*** Opening of Excerpted data ***
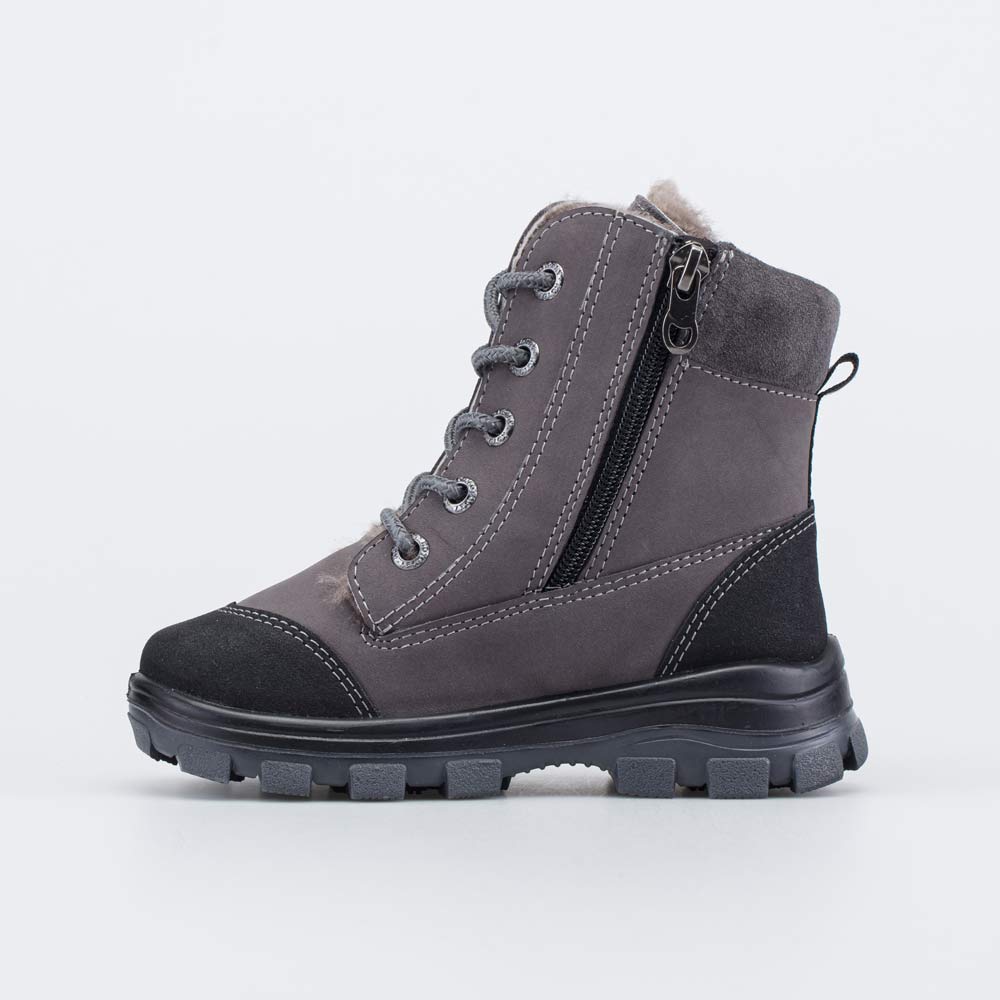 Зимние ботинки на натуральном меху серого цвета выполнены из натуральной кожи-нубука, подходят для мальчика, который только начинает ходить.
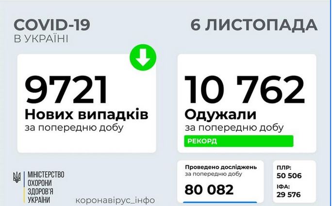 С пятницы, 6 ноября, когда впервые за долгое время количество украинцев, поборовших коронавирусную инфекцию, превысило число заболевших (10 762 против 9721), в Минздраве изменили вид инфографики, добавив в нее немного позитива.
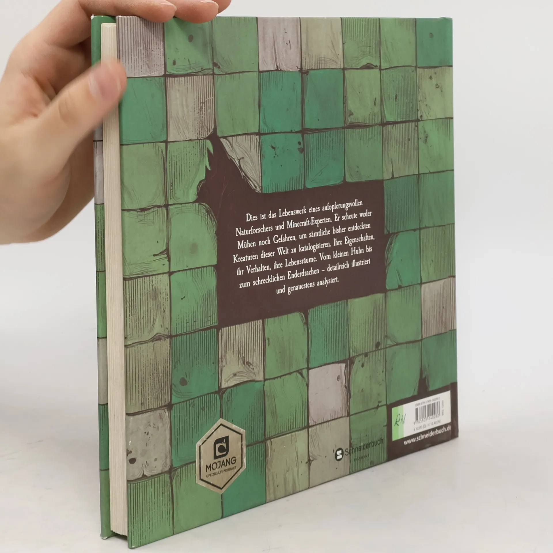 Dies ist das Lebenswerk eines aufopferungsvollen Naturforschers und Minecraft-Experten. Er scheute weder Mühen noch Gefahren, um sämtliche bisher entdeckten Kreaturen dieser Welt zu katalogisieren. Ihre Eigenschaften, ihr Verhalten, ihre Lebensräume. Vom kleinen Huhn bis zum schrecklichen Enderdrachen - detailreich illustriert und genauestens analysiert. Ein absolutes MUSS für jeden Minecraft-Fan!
*** Close of Excerpted data ***
*** Opening of Excerpted data ***
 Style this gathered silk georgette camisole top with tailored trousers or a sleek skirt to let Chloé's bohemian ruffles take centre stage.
*** Close of Excerpted data ***
*** Opening of Excerpted data ***
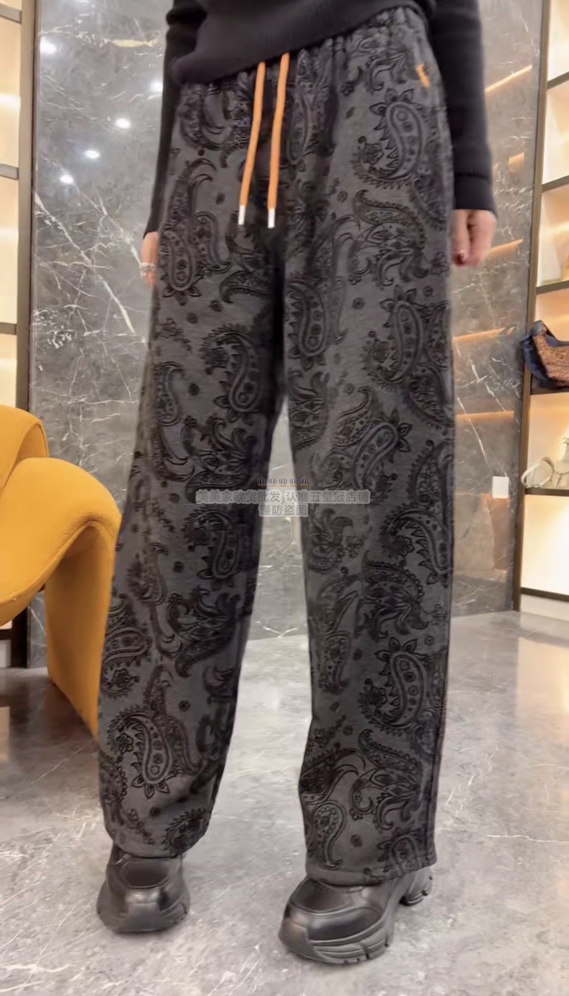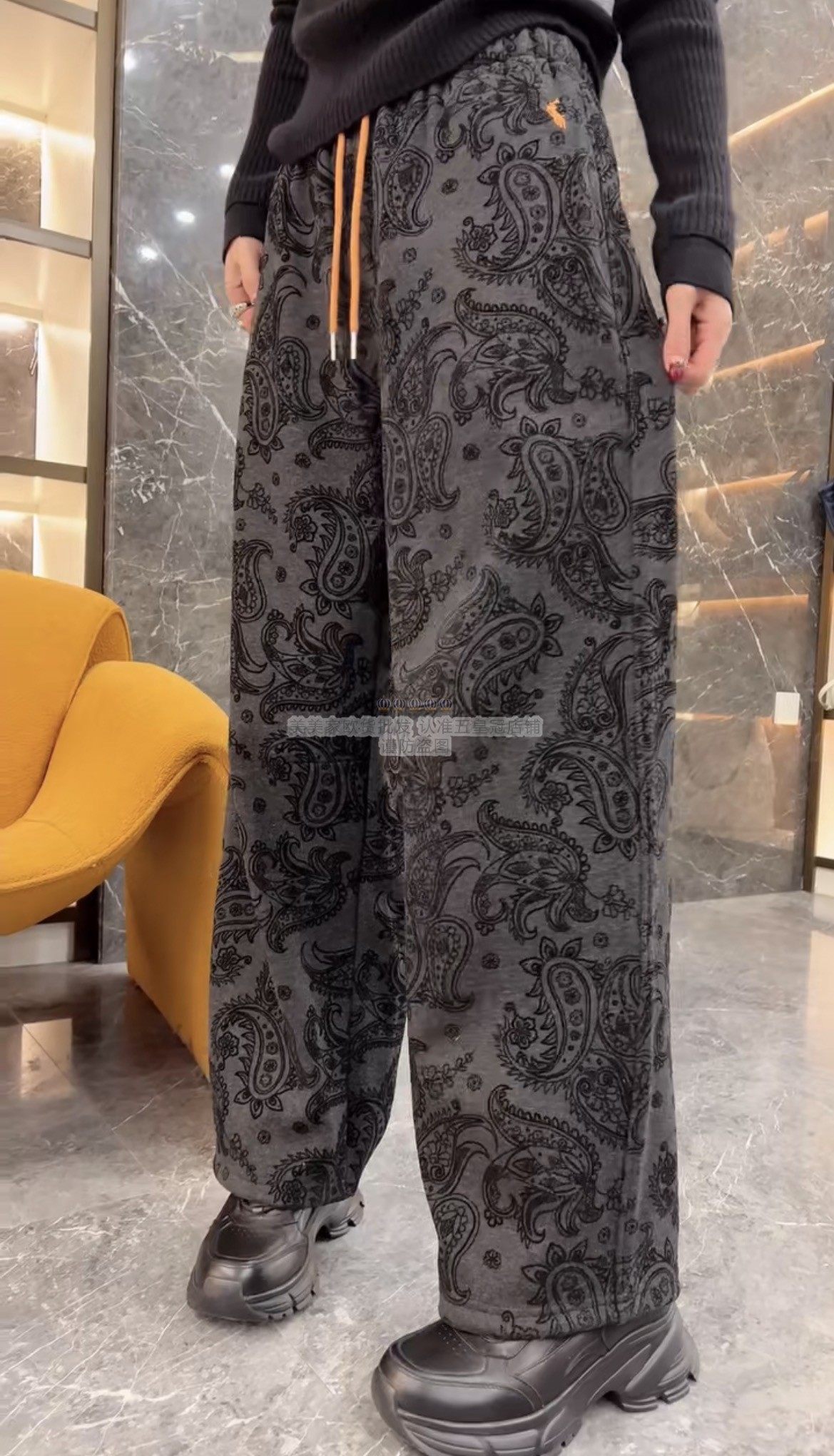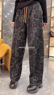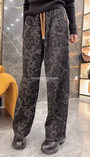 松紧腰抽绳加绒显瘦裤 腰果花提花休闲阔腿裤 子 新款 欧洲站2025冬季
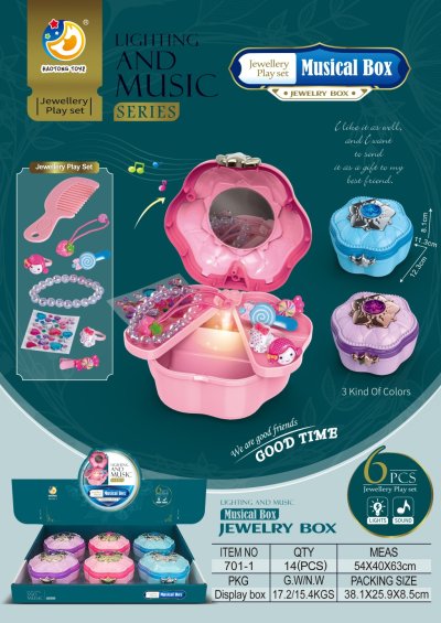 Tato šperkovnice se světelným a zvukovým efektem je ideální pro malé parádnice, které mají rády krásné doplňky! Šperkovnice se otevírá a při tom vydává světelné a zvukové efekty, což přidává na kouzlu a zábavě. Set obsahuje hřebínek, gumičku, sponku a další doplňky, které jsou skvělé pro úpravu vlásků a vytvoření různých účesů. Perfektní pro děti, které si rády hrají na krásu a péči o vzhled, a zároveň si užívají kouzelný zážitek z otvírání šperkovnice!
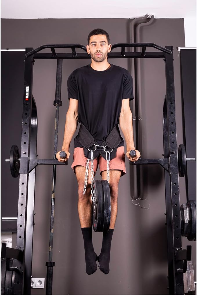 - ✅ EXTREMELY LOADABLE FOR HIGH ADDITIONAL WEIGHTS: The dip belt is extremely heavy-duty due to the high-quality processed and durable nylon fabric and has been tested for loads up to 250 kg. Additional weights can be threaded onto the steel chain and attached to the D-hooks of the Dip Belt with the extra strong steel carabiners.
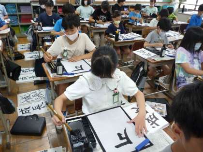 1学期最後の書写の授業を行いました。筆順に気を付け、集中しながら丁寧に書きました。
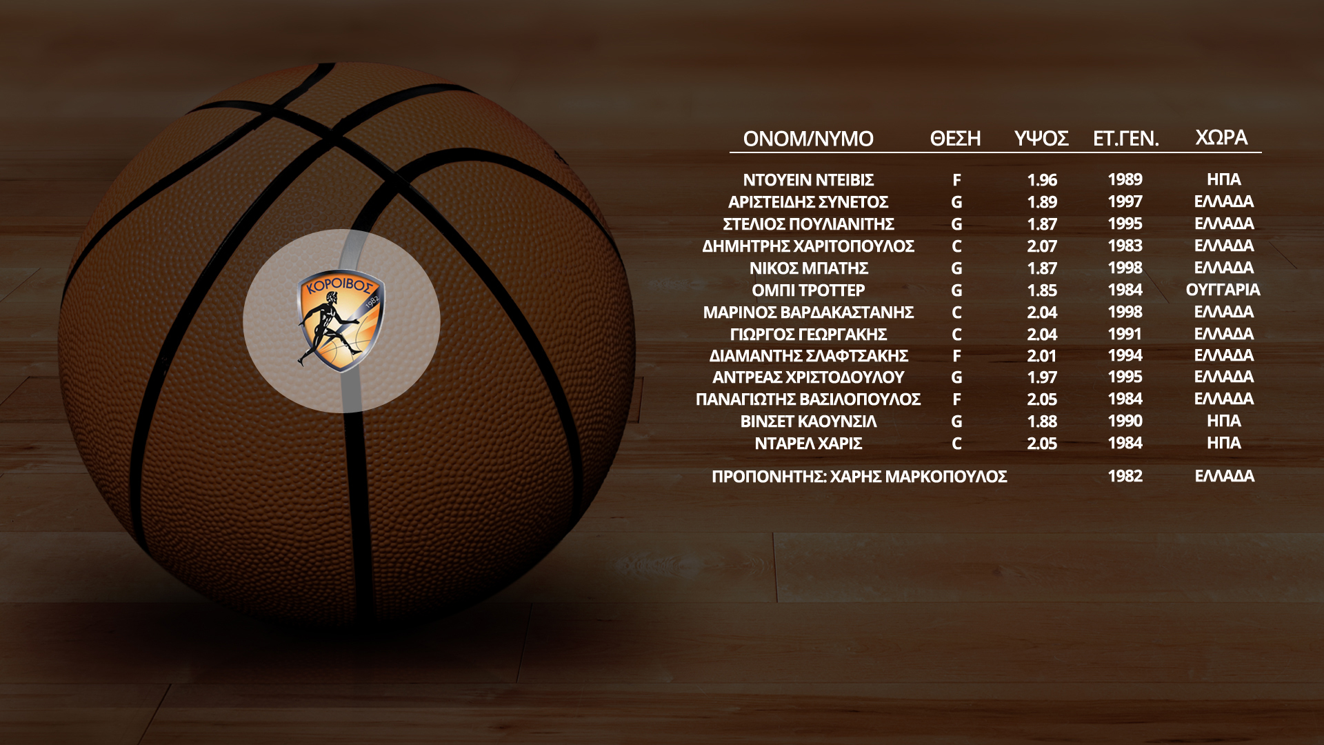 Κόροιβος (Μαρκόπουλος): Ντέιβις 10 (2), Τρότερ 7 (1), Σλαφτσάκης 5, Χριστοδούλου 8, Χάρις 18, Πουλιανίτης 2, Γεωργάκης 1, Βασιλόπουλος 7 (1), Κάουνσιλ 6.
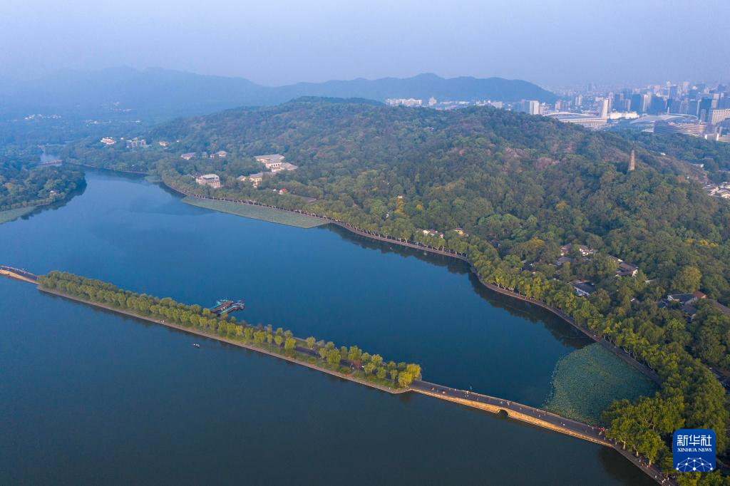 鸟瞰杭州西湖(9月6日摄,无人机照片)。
*** Close of Excerpted data ***
* **Prompt**
From the material above, give again exactly the lines from the one that contains "Κόροιβος (Μαρκόπουλος): Ντέιβις" through the one that contains "鸟瞰杭州西湖(9月6日摄,无人机照片)。", and leave out the pictures.

* **Written answer**
 Κόροιβος (Μαρκόπουλος): Ντέιβις 10 (2), Τρότερ 7 (1), Σλαφτσάκης 5, Χριστοδούλου 8, Χάρις 18, Πουλιανίτης 2, Γεωργάκης 1, Βασιλόπουλος 7 (1), Κάουνσιλ 6.
 鸟瞰杭州西湖(9月6日摄,无人机照片)。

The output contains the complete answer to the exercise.